Но тот улыбается таинственно, смотря в любимые глаза, пальцами лаская руку под столом:
— Юнги приготовил кое-что для Чимина. Думаю ты мне не простишь, если из-за моего нетерпения пропустишь его.
— Что... что именно?
— Увидишь, Бэки, мой прекрасный и нежный мальчик.
А Юнги будто ждал слов Чанёля, когда жестом руки отсылает слугу. Минутой позднее полы шатра распахиваются широко, и внутрь входят дюжина слуг и трубадуров с музыкантами. Их появление сопровождается торжественной музыкой, что привлекает внимание всех без исключения. Тонкая свирель под методичный марш лютни и такт бубнов, разливается по густому и жаркому воздуху, наполненному ароматами еды, вина и людского пота. Четверо сильных мужчин-слуг несут на своих плечах кресло с высокой спинкой, к ножкам которого прикреплены шесты.
Чимин также смотрит на необычное шествие, застыв рядом с Юнги, что ни на шаг не отходил от него. Но когда трубадуры окружили их, а прямо перед ним поставили кресло-трон, юноша изумлённо распахивает глаза, непонимающе смотря то на мужчину, то на главного трубадура.

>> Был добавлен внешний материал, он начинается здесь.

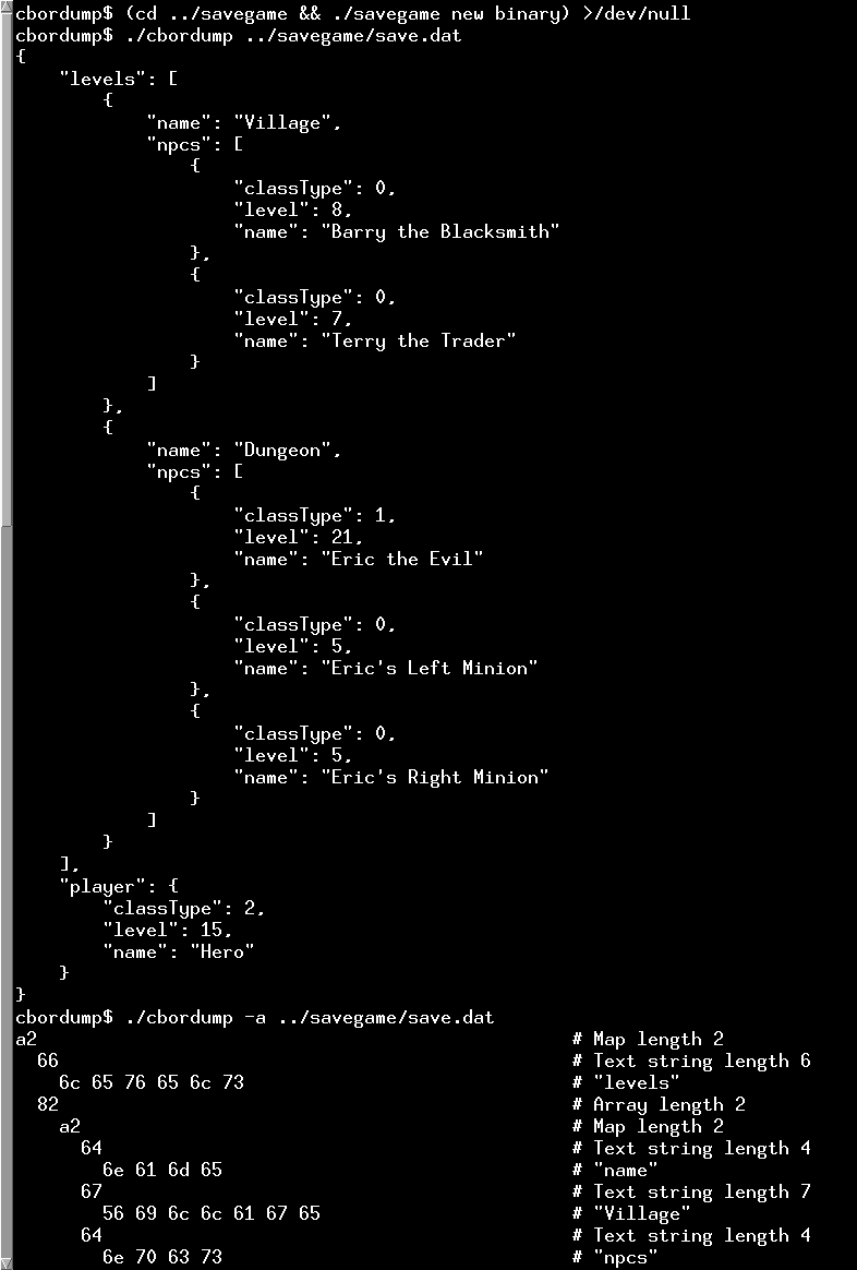 This example shows how to use the QCborStreamReader class directly to parse CBOR content. The cbordump program reads content in CBOR format from files or standard input and dumps the decoded content to stdout in a human-readable format. It can output in CBOR diagnostic notation (which is similar to JSON), or it can produce a verbose output where each byte input is displayed with its encoding beside it.
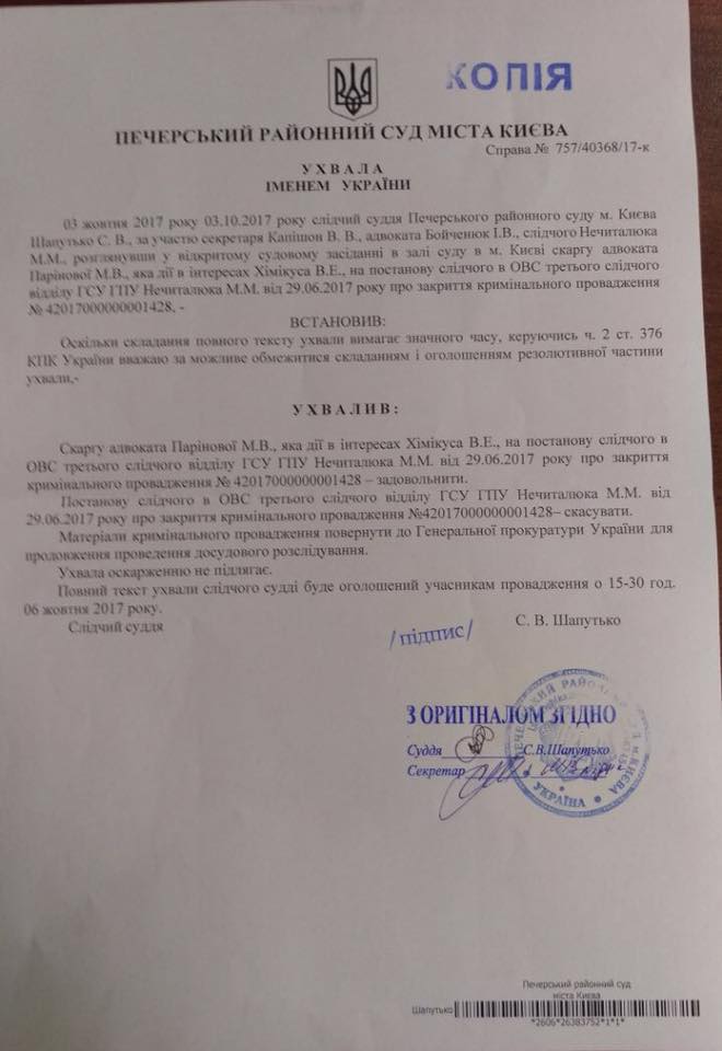 Печерский районный суд отменил постановление Генеральной прокуратуры о закрытии уголовного производства в отношении следователя прокуратуры, который закрыл дело о стрельбе народного депутата Сергея Пашинского в прохожего Вячеслава Химикуса.

Струны лютни мягко перебирают пальцы музыканта, когда высокий, красивый голос громко напевает:
О, светлоокий, послушай,
Как рыцарь о тебе мечтает.
Чимин аж воздухом давится от услышанного, а мужчина рядом прячет улыбку, когда все остальные замерли.

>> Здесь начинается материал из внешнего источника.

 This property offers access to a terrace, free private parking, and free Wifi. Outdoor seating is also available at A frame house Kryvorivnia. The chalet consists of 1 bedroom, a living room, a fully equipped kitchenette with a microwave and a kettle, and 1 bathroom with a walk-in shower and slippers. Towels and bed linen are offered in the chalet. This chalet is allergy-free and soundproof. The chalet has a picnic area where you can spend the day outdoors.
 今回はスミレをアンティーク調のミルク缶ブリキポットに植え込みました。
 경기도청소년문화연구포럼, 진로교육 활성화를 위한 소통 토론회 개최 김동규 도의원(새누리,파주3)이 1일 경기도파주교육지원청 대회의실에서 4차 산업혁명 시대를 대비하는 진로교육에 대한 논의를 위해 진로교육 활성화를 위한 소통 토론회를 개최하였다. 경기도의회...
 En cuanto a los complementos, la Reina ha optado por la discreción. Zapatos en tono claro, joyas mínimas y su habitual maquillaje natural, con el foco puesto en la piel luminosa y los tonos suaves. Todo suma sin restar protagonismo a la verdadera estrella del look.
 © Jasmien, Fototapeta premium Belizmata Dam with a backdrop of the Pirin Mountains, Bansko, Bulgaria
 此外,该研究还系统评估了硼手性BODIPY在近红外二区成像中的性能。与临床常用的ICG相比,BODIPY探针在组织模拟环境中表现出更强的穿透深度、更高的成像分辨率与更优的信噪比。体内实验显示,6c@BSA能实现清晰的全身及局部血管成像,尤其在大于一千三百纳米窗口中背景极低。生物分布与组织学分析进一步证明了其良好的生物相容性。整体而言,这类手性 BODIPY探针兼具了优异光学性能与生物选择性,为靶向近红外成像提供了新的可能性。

Услышь же рыцаря признанье.
Ведь большего ему не надо.
Позволь стать тенью у порога.
Хранить твой сон, уединенье,
Любовью освещать дорогу...
Ты-ангел! Ты-вдохновенье!
Не успел юноша опомниться, как его, не сопротивляющегося, подхватывают под руки юные прелестные девушки, и осыпая лепестками луговых цветов, отводят к трону для «господина сердца», мягко усаживая. А трубадур продолжает красивым голосом:
Как роза в капельках росы,
ты достоин восхищенья!
Но к трубадуру холоден,
ему не будет утешенья.
Чимин слушает заворожённо нежную мелодию и оду трубадура в свою честь, и смотрит на Чёрного рыцаря, что глаз, полных тягучего томления, с него не сводит. Юноша ему улыбается, пусть не так, как хотелось бы мужчине — нежно и влюблённо, но озорно и восхищённо, — никто никогда не делал для него такого: не посвящал песен, не выбирал «королём» турнира... не смотрел так... таким взглядом, с такой любовью.
Его «трон» поднимают сильные мужские руки, отчего юноша охает чуть испуганно, пальцами впиваясь в подлокотники, но смеётся звонко — ему невероятно нравится всё, что он видит вокруг. Музыка становится громче и ритмичнее, а пастуший рожок снова зазывает, когда в шатёр врываются пёстро наряженные жонглёры и сатиры, с козлиными рожками в кудрявых волосах. Легко одетые нимфы, с цветочными венками поверх длинных, распущенных волос, кружили вокруг юноши, осыпая его лепестками цветов, тонкими девичьими голосами напевая нежные мелодии.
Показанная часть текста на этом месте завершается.